GIVEN INFORMATION ->
*** Block opens ***

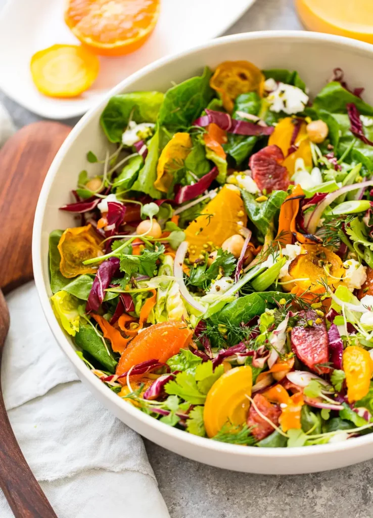 With roasted root vegetables (carrots and beets) sliced into wedges, coins and ribbons, this salad has a colorful variety of citrus, greens along with chickpeas and chopped pistachios.
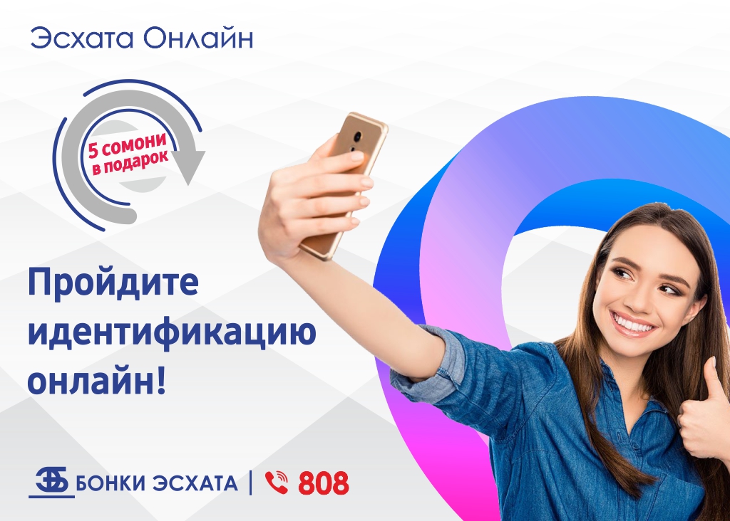 Установили мобильный банк «Эсхата онлайн» и хотите пройти идентификацию? Пройдите идентификацию в мобильном банке «Эсхата онлайн» дистанционно, без посещения Банка и получите 5 сомони в подарок на свой счет!
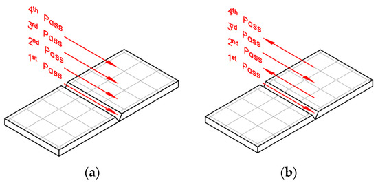 Multipass welding sequence: (a) single orientation and (b) alternated orientation.

*** Block closes ***

WHAT THE TASK REQUIRES -> Starting with the line that contains "Установили мобильный банк", repeat each line exactly through the last line of the data above, and nothing more; the pictures stay out.

RESULT OF THIS EXERCISE ->
 Установили мобильный банк «Эсхата онлайн» и хотите пройти идентификацию? Пройдите идентификацию в мобильном банке «Эсхата онлайн» дистанционно, без посещения Банка и получите 5 сомони в подарок на свой счет!
 Multipass welding sequence: (a) single orientation and (b) alternated orientation.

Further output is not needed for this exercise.